◆ Collected data ◆
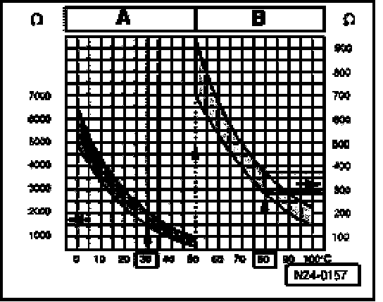 Range A shows resistance values for temperature range from 0 to 50 degree C, and range B shows values for temperature range from 50-100 degree C.
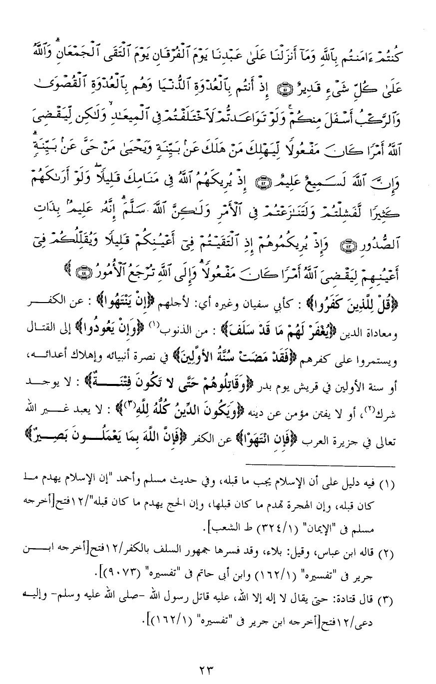 (قُلْ لِلَّذِينَ كَفَرُوا): كأبي سفيان وغيره أي: لأجلهم (إِنْ يَنْتَهُوا): عن الكفر ومعاداة الدين (يُغْفَرْ لَهُمْ مَا قَدْ سَلَفَ): من الذنوب (وَإِنْ يَعُودُوا) إلى القتال ويستمروا على كفرهم (فَقَدْ مَضَتْ سُنَّتُ الْأَوَّلِينَ) في نصرة أنبيائه وإهلاك أعدائه، أو سنة الأولين في قريش يوم بدر (وَقَاتِلُوهُمْ حَتَّى لَا تَكُونَ فِتْنَةٌ): لا يوجد شرك، أو لا يفتن مؤمن عن دينه (وَيَكُونَ الدِّينُ كُلُّهُ لله): لا يعبد غير الله تعالى في جزيرة العرب (فَإِنِ انْتَهَوْا) عن الكفر (فَإِنَّ اللهَ بِمَا يَعْمَلُونَ بَصِيرٌ)
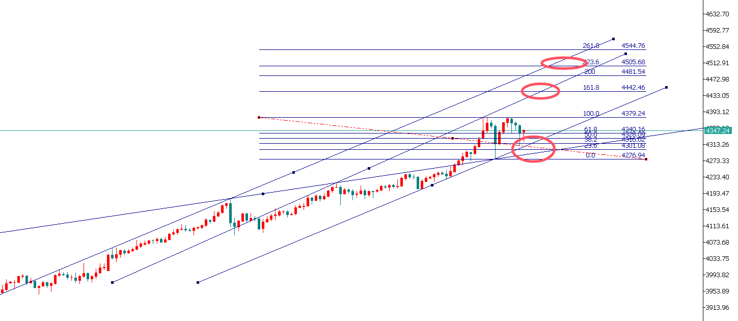 对于晚上的行情来说,直接看图,目前整体仍然处于上升势头,下方支撑看两个位置,4315和4290,倘若下破4290的话,那么小时图在这里就做M头,回落进而延伸到4214附近。上方重点关注4380,行情二次上探未破都展开崩盘,一旦再突破4380压制,那么上方进而有望继续冲击4442附近。

◆ Required work ◆
Retype exactly, and only, the lines from the one containing "(قُلْ لِلَّذِينَ كَفَرُوا): كأبي" through the end of the material, leaving aside every picture.

◆ Answer box ◆
 (قُلْ لِلَّذِينَ كَفَرُوا): كأبي سفيان وغيره أي: لأجلهم (إِنْ يَنْتَهُوا): عن الكفر ومعاداة الدين (يُغْفَرْ لَهُمْ مَا قَدْ سَلَفَ): من الذنوب (وَإِنْ يَعُودُوا) إلى القتال ويستمروا على كفرهم (فَقَدْ مَضَتْ سُنَّتُ الْأَوَّلِينَ) في نصرة أنبيائه وإهلاك أعدائه، أو سنة الأولين في قريش يوم بدر (وَقَاتِلُوهُمْ حَتَّى لَا تَكُونَ فِتْنَةٌ): لا يوجد شرك، أو لا يفتن مؤمن عن دينه (وَيَكُونَ الدِّينُ كُلُّهُ لله): لا يعبد غير الله تعالى في جزيرة العرب (فَإِنِ انْتَهَوْا) عن الكفر (فَإِنَّ اللهَ بِمَا يَعْمَلُونَ بَصِيرٌ)
 对于晚上的行情来说,直接看图,目前整体仍然处于上升势头,下方支撑看两个位置,4315和4290,倘若下破4290的话,那么小时图在这里就做M头,回落进而延伸到4214附近。上方重点关注4380,行情二次上探未破都展开崩盘,一旦再突破4380压制,那么上方进而有望继续冲击4442附近。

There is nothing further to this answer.